Task inputs START
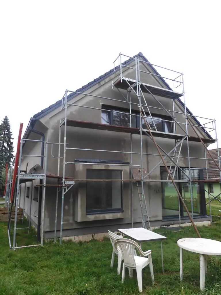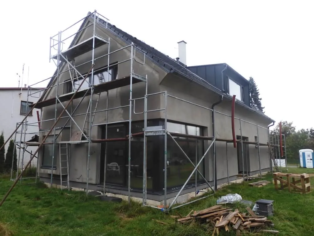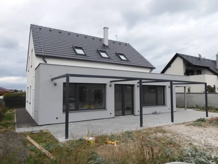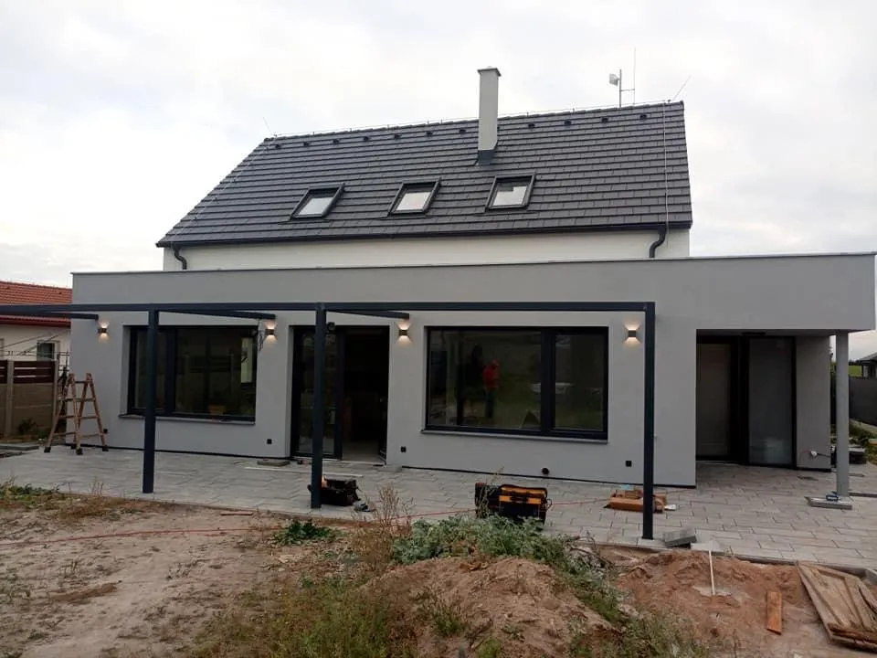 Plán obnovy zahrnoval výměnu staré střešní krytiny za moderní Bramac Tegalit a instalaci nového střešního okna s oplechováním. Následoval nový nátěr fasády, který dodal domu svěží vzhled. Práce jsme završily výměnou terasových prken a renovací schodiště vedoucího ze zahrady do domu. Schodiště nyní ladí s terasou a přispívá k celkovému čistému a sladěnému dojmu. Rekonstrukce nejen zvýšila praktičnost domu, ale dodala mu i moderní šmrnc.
Task inputs END
Task inputs START
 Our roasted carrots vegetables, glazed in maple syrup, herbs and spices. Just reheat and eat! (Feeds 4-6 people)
Task inputs END
Task inputs START
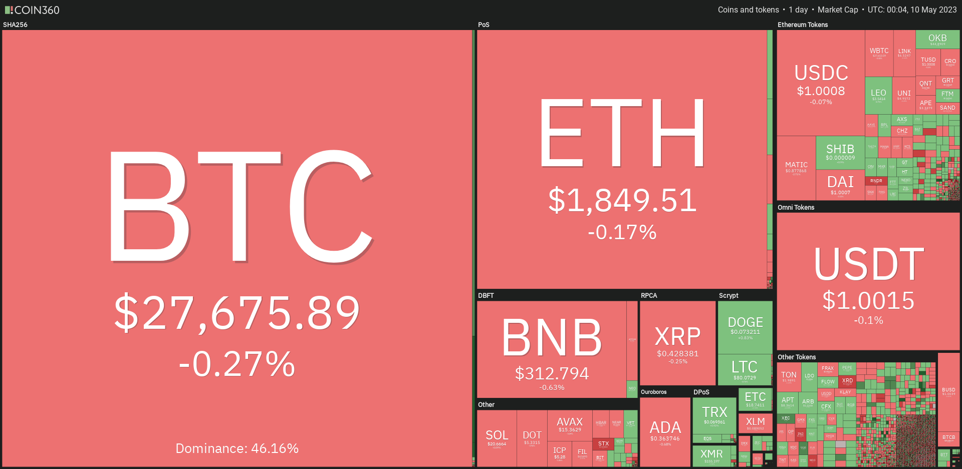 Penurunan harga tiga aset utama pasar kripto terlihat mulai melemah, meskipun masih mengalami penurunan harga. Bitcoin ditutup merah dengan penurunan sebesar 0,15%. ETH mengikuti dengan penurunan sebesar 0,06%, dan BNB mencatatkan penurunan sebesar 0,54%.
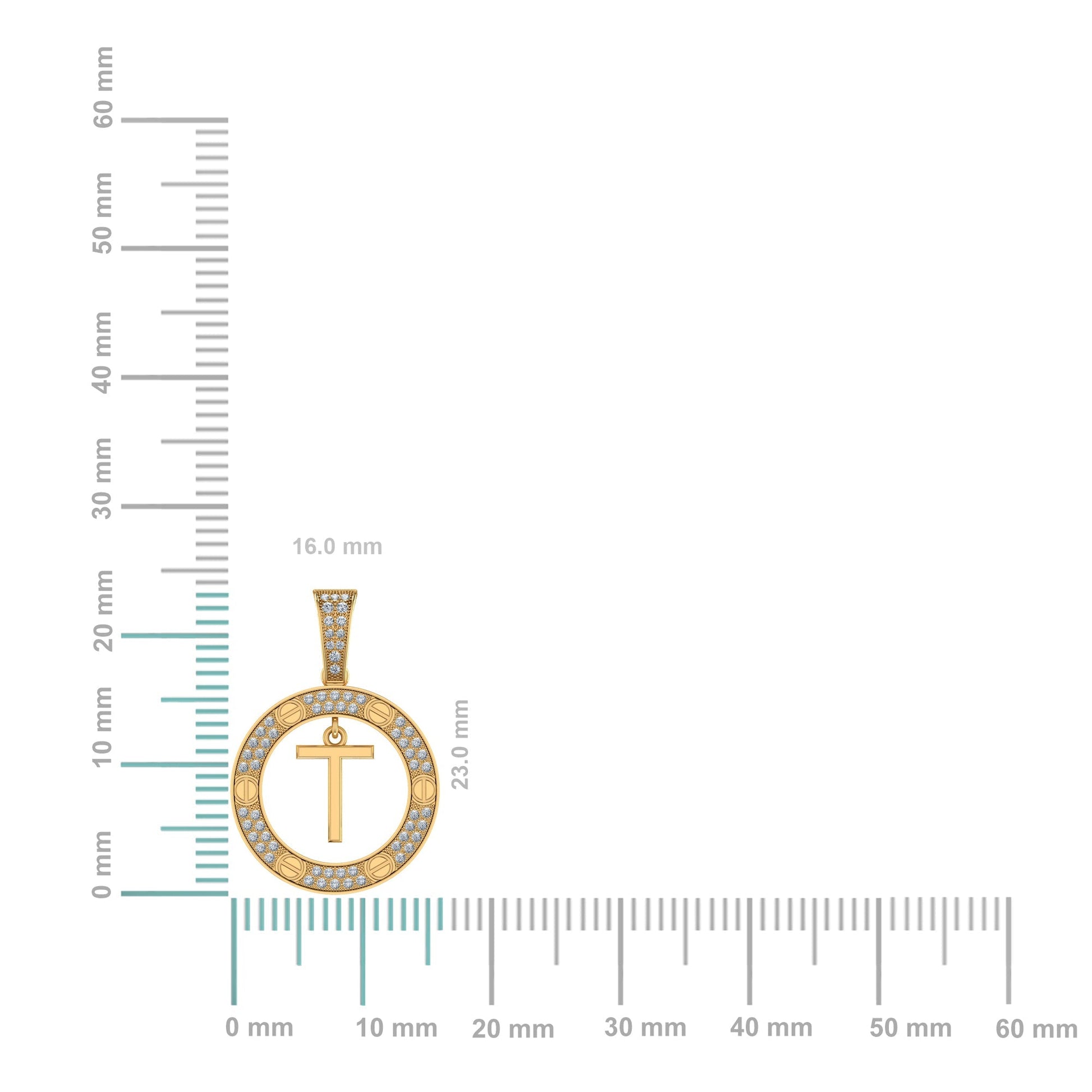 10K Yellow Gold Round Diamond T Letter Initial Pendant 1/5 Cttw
Task inputs END
# Activity
Transcribe, word for word, the lines of the listing above from the one that contains "Penurunan harga tiga" through the one that contains "10K Yellow Gold", keeping both ends and dropping the pictures.

# Solved problem
 Penurunan harga tiga aset utama pasar kripto terlihat mulai melemah, meskipun masih mengalami penurunan harga. Bitcoin ditutup merah dengan penurunan sebesar 0,15%. ETH mengikuti dengan penurunan sebesar 0,06%, dan BNB mencatatkan penurunan sebesar 0,54%.
 10K Yellow Gold Round Diamond T Letter Initial Pendant 1/5 Cttw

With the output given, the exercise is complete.